## WORK INSTRUCTIONS
Repeat the listing exactly. The images do not belong in the copy.

## RECORDED DATA
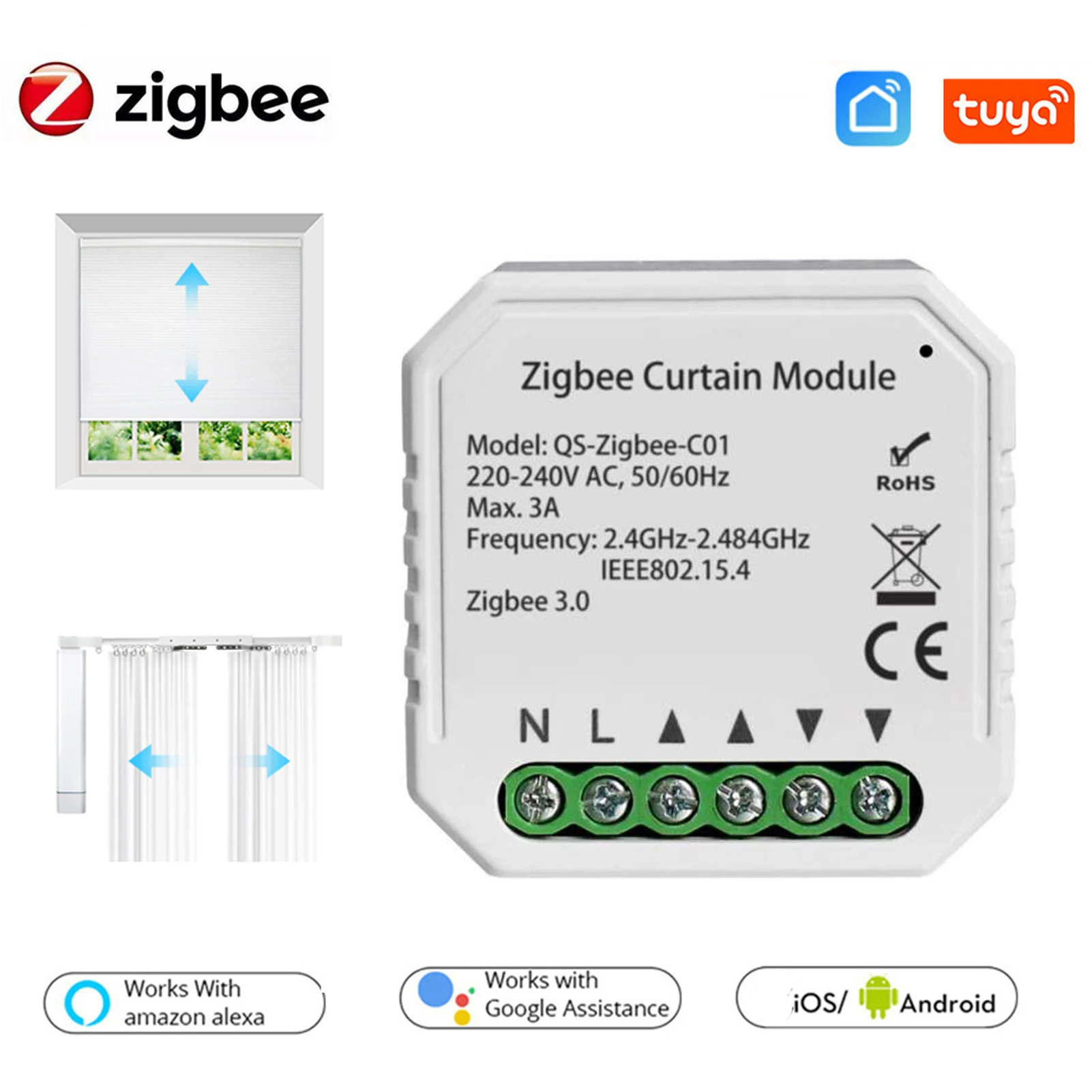 Модуль переключателя для рулонных жалюзи Tuya Smart Life Zigbee, Wi-Fi, с голосовым управлением, подходит для Google Home, Amazon Alexa
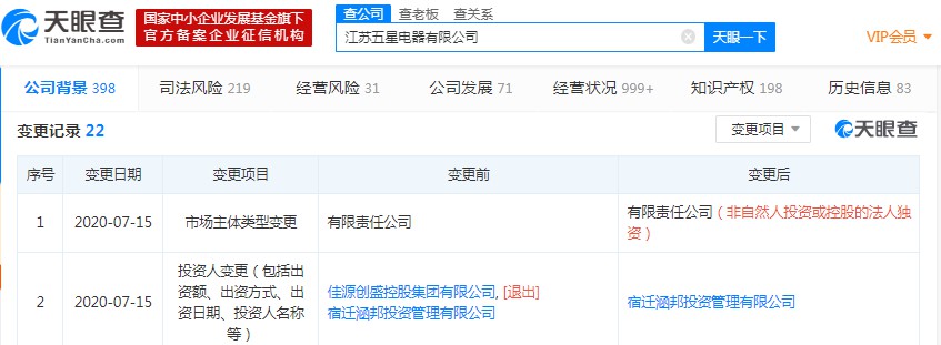 7月20日消息,天眼查数据显示,近日,江苏五星电器有限公司发生工商变更,佳源创盛控股集团有限公司退出股东行列。
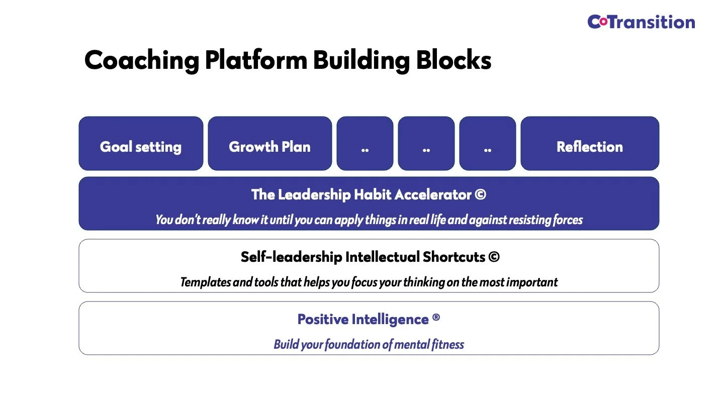 Before working on leadership behaviour, we work on the underlying positive intelligence mental patterns - the saboteurs that run beneath the surface and the positive intelligence that allows a leader to operate from their best self, especially under pressure.

## ANSWER BOX
 Модуль переключателя для рулонных жалюзи Tuya Smart Life Zigbee, Wi-Fi, с голосовым управлением, подходит для Google Home, Amazon Alexa
 7月20日消息,天眼查数据显示,近日,江苏五星电器有限公司发生工商变更,佳源创盛控股集团有限公司退出股东行列。
 Before working on leadership behaviour, we work on the underlying positive intelligence mental patterns - the saboteurs that run beneath the surface and the positive intelligence that allows a leader to operate from their best self, especially under pressure.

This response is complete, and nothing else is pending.